Ethereum is actually less susceptible to on-spend attacks than Bitcoin because the transaction window is a lot shorter, averaging at around 1 minute. But there are 3 main features that differentiate it from Bitcoin which actually make it more susceptible to at-rest attacks. Those are, it's Account Model, Smart Contracts, and Validators. Because a public key is tied to an account, the keys can't be rotated. Because Smart Contracts have their own keys which are publicly viewable and have elevated priveleges over a large number of accounts, they're extremely vulnerable to at-rest attacks. This is referred to as the Admin Vulnerability. In addition to the Admin Vulnerability, there's also the Code Vulnerability, which is due to the fact that Ethereum Smart Contracts have pre-compiled cryptographic algorithms in them for the applications built on them to use.

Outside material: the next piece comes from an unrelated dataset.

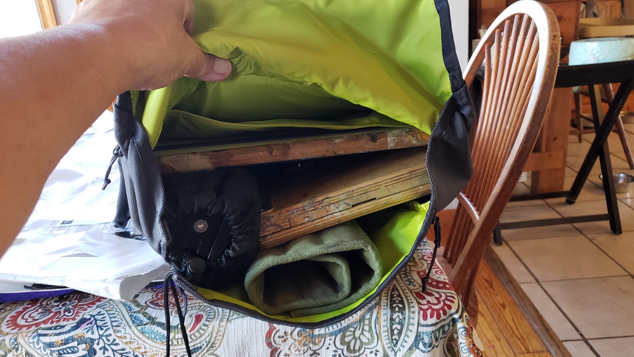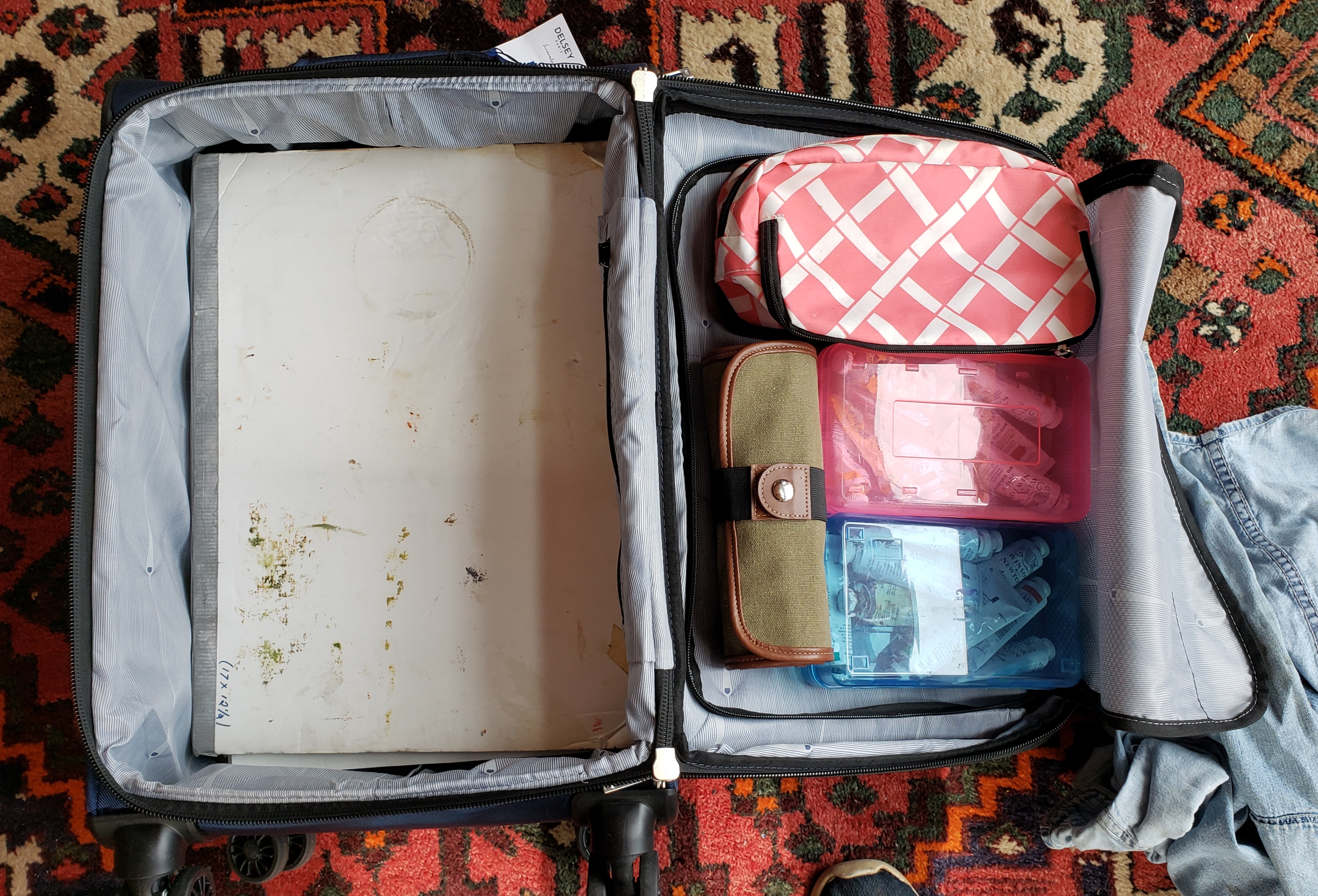 OIL PAINT, BRUSHES, PALETTE KNIFE, DRAWING SUPPLIES: On the right side in the zipped pocket area. Two plastic pencil boxes. one for warms, one for cools and a palette knife. A toiletry bag, brush, toothbrush. Still plenty of room to stuff socks, underwear, small stuff, swiss army knife (Carl has rubbed off on me) around in this area

The problem is, these algorithms are not PQC. Because of the way the Ethereum network validates transactions, Proof-of-Stake vs Bitcoin's Proof-of-Work, it uses Validator nodes that need to have their public keys exposed in order to validate. This also increases it's attack surface for at-rest attacks. Cracking these keys would allow attackers to wreak all kinds of havoc on the network because they could create fraudulent validations. However because of the number of validator nodes, this would still be fairly expensive for the attackers to carry out. Ethereum is also vulnerable to what are called 'on-setup' attacks because of the relationship of the L2 and L1 networks.

The researchers' main conclusion of Ethereum's vulnerability is that it is a lot higher than Bitcoin's, but the advantage it has is it's leadership and community. Because its slightly less decentralized than Bitcoin, it should have an easier time adopting the necessary changes to implement Post Quantum Cryptography. Bitcoin can still do it, but there could be more disagreements within the community on how things should be handled leading to slower action or forked networks.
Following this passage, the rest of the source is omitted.